Bartolomé San Juan, un minero muerto. Susana San Juan, hija de un minero muerto en las minas de La Andrómeda. Veía claro. “Tendré que ir allá a morir”, pensó. Luego dijo:
—Le he dicho que tú, aunque viuda, sigues viviendo con tu marido, o al menos así te comportas; he tratado de disuadirlo, pero se le hace torva la mirada cuando yo le hablo, y en cuanto sale a relucir tu nombre, cierra los ojos. Es, según yo sé, la pura maldad. Eso es Pedro Páramo.
—¿Y yo quién soy?
—Tú eres mi hija. Mía. Hija de Bartolomé San Juan.

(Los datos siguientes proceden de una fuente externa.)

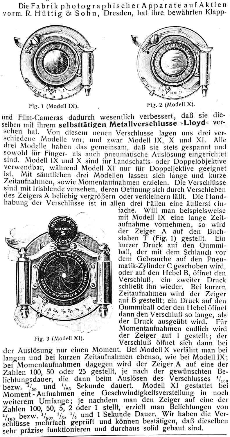 Die Bezeichnung Lloyd wurde von Hüttig ab 1904 auch (wie Jan schon schrieb) für ‚firmeneigene‘ Zentral-Verschlüsse verwendet. Ich nehme an, dass diese Verschlüsse von Hüttig selbst hergestellt wurden. Es finden sich für Hüttig 1905 auch Gebrauchsmustereintragung bzgl. dieser Llyod-Zentralverschlüsse.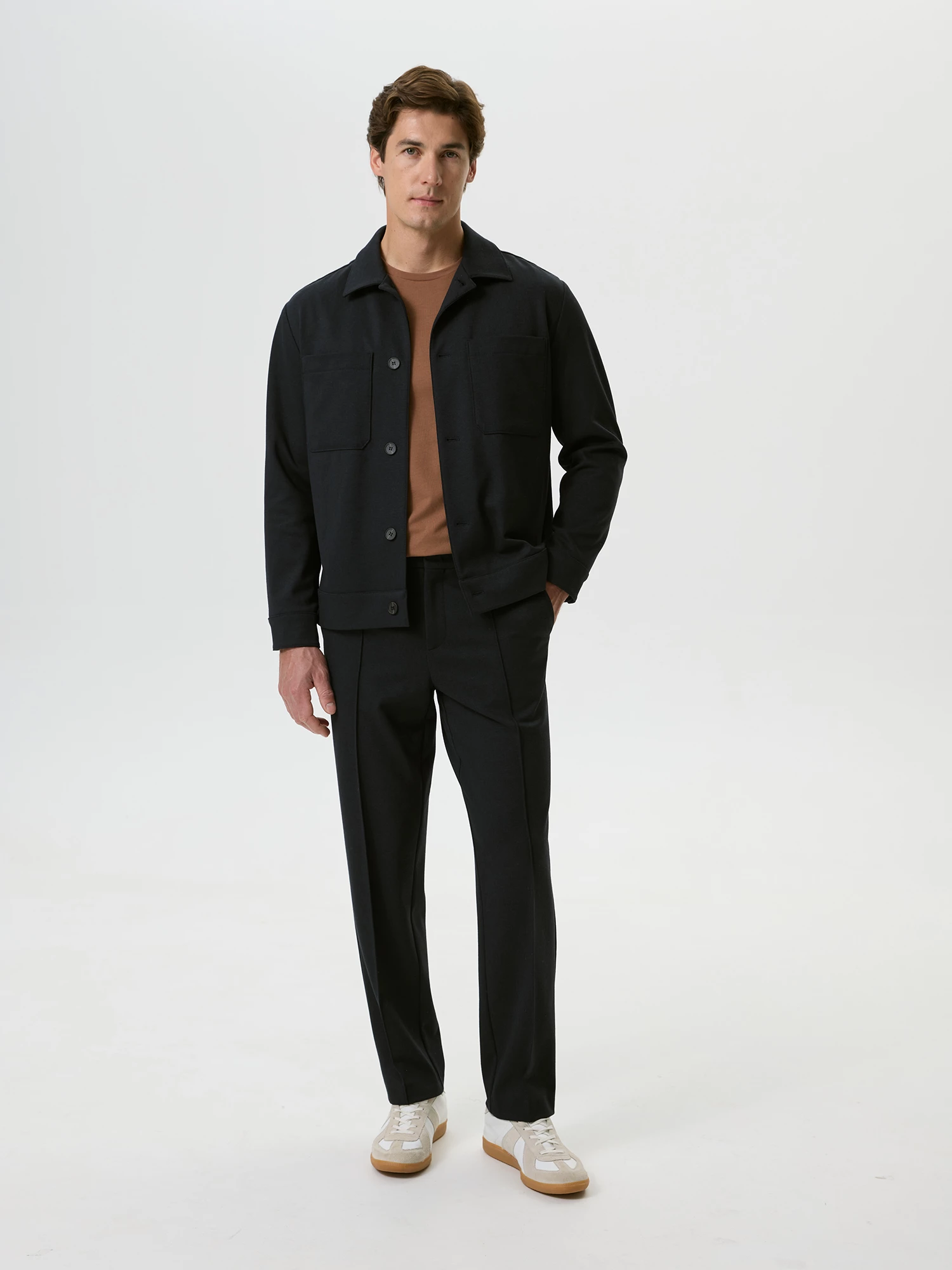 Стильный шакет — куртка-рубашка, которая станет незаменимым элементом гардероба. Модель с отложным воротником и застежкой на пуговицы сочетает в себе элементы классического стиля и современного дизайна, что делает ее идеальным выбором для мужчин, стремящихся к элегантности и комфорту. Шакет выполнен из высококачественной сине-черной меланжевой трикотажной ткани, в состав которой входят вискоза, шерсть, поливолокна и спандекс. Это сочетание материалов обеспечивает отличную воздухопроницаемость и комфорт при носке, а небольшой, тактильно приятный ворс с изнаночной стороны добавляет уют и тепло в прохладные дни. Длинные втачные рукава с манжетами на пуговице придают модели аккуратный и стильный вид, а нагрудные накладные карманы со срезами подчеркивают рубашечный стиль и добавляют функциональности. Планка по низу изделия способствует формированию комфортного напуска, что позволяет легко комбинировать шакет с различными предметами гардероба. Эта куртка-рубашка отлично подойдет как для повседневной носки, так и для более формальных мероприятий. Вы можете сочетать ее с классическими брюками или джинсами, создавая стильные образы для работы или отдыха. Шакет станет универсальным элементом Вашего гардероба, который легко адаптируется к различным стилям и ситуациям. Выбирая этот шакет, вы получаете не только модный, но и практичный предмет одежды, который будет радовать вас своим внешним видом и комфортом на протяжении долгого времени. Это идеальный выбор для мужчин, ценящих стиль и качество в каждой детали.

En la mente de Susana San Juan comenzaron a caminar las ideas, primero lentamente, luego se detuvieron, para después echar a correr de tal modo que no alcanzó sino a decir:
—No es cierto. No es cierto.
—Este mundo que lo aprieta a uno por todos lados, que va vaciando puños de nuestro polvo aquí y allá, deshaciéndonos en pedazos como si rociara la tierra con nuestra sangre. ¿Qué hemos hecho? ¿Porqué se nos ha podrido el alma? Tu madre decía que cuando menos nos queda la caridad de Dios. Y tú la niegas, Susana. ¿Porqué me niegas a mí como tu padre? ¿Estás loca?
—¿No lo sabías?
—¿Estás loca?
—Claro que sí, Bartolomé. ¿No lo sabías?
4
—¿Sabías, Fulgor, que ésa es la mujer más hermosa que se ha dado sobre la tierra? Llegué a creer que la había perdido para siempre. Pero ahora no tengo ganas de volverla a perder. ¿Tú me entiendes, Fulgor? Dile a su padre que vaya a seguir explotando sus minas. Y allá... me imagino que será fácil desaparecer al viejo en aquellas regiones adonde nadie va nunca... ¿No lo crees?
—Puede ser.
—Necesitamos que sea. Ella tiene que quedarse huérfana. Estamos obligados a amparar a alguien ¿No crees tú?
—No lo veo difícil.
—Entonces andando Fulgor, andando.
—¿Y si ella lo llega a saber?
—¿Quién se lo dirá? A ver, dime, aquí entre nosotros dos, ¿quién se lo dirá?
—Estoy seguro que nadie.
—Quítale el “estoy seguro que”. Quítaselo desde ahorita y ya verás como todo sale bien. Acuérdate del trabajo que dio dar con La Andrómeda. Mándalo para allá a seguir trabajando. Que vaya y vuelva. Nada de que se le ocurra acarrerar con la hija. Ésa aquí se la cuidamos. Allá estará su trabajo y aquí su casa adonde venga a reconocer. Díselo así, Fulgor.
—Me vuelve a gustar como acciona usted, patrón, como que se le están rejuveneciendo los ánimos.